We have to be able to take a minute. Really, we need to take much more. I think to even make a dent in the collective, unexpressed grief, we’d need to designate one day a week for the rest of time for mourning. To be able to sob it all out

Honestly, I don’t think grief is meant to be roped off like that, compartmentalized. I think grief is meant to flow, early and often. But it feels like we have a backlog, and I don’t know what to do with that

I’ve been rereading parts of Malidoma Somé’s brilliant book The Healing Wisdom of Africa, particularly the parts on water rituals, for a class I’m facilitating. I highly recommend this book. It is profound medicine. In the chapter, “Water Rituals,” Somé writes, “I have heard many times people express their fear of grief because they feel that if they even begin to release it, they will be overcome, eventually drowning in their own tears. Indeed, this is how it feels, but this is not what actually happens.

Instead, Somé asserts that ritualized release of grief “can provide powerful relief and healing. Any time the feeling of loss arises, there is an energy that demands ritual in order to allow reconciliation and the return of peace. These are crises that water rituals can resolve.”

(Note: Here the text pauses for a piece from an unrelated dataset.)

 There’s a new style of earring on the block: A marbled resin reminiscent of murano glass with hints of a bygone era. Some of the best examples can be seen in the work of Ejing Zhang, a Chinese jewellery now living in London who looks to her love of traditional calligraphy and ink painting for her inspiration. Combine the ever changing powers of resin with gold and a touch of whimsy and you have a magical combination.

Perhaps we do need a weekly water/grief ritual for a while. I wonder what would happen if we all, say every Monday, could come together in loving groups, slowly drink glasses of water, voice our losses, weep and nap, nap and weep, until we’re done

I don’t know. Maybe I shouldn’t be talking in the we. I know this is all true for me. I sense that it’s true for many others. Maybe I should just ask—who reading this feels like you’ve had a chance to fully grieve all of the loss you’ve experienced the last several years (let alone all the loss before that, or the loss happening right now)?

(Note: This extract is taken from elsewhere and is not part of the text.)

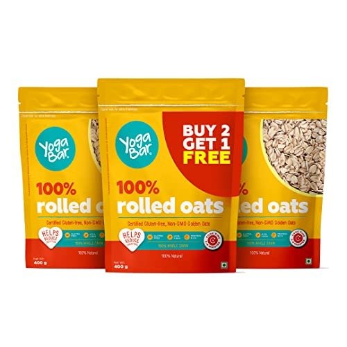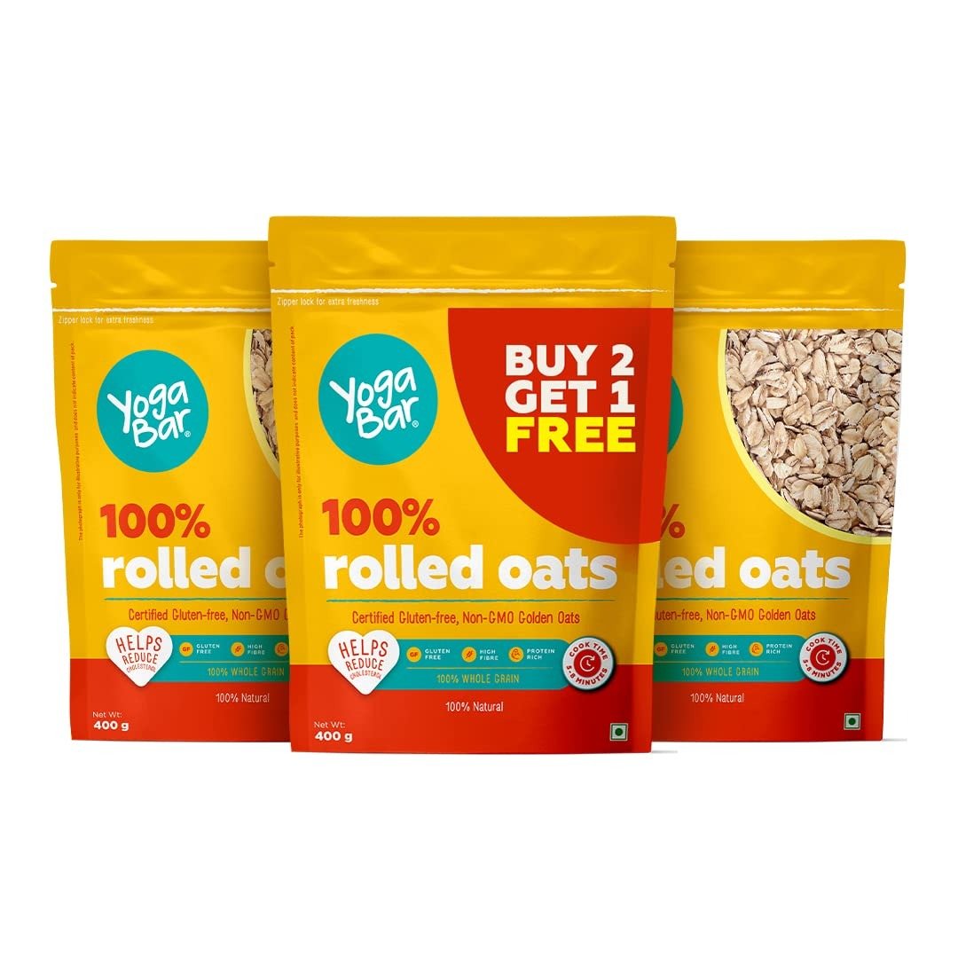 Yogabar 100% Rolled Oats Combo | (Buy 2 Get 1 Free) | Premium Golden Rolled Oats | 400g Each | Helps Weight Loss | Gluten Free with High Fibre – Fast Shipping to USA & Canada

I also don’t know if it’s a fair speculation that war, that all manner of cruelty and violence, roots back into unexpressed grief. Disoriented, exhausted, chronically grief-deprived humans lashing out because they don’t know where they are or who they are. But I sense this is true. I know I lash out when I’m exhausted and haven’t had a chance to process something or fully experience a transition

I started by calling this a love letter, and now I’m wondering if it’s much of a love letter at all. I guess it’s not in the sense of me singing your praises, or proclaiming your beauty and magnificence. Although I could, because you are. But I’m remembering that love is also witnessing and acknowledgement, and I think that’s the kind of love letter this is. One that says, I see you. I witness you in this cavalcade of loss. I’m willing to sit with you in it. To be with your tears, the ones on your face, the ones about to break the levee in your heart. I’m not looking away. I’m shining a big old sunbeam on the whole map, all the hidden and in-between places. I’m offering my own tears as a prayer, a libation, and I’m holding out my hand.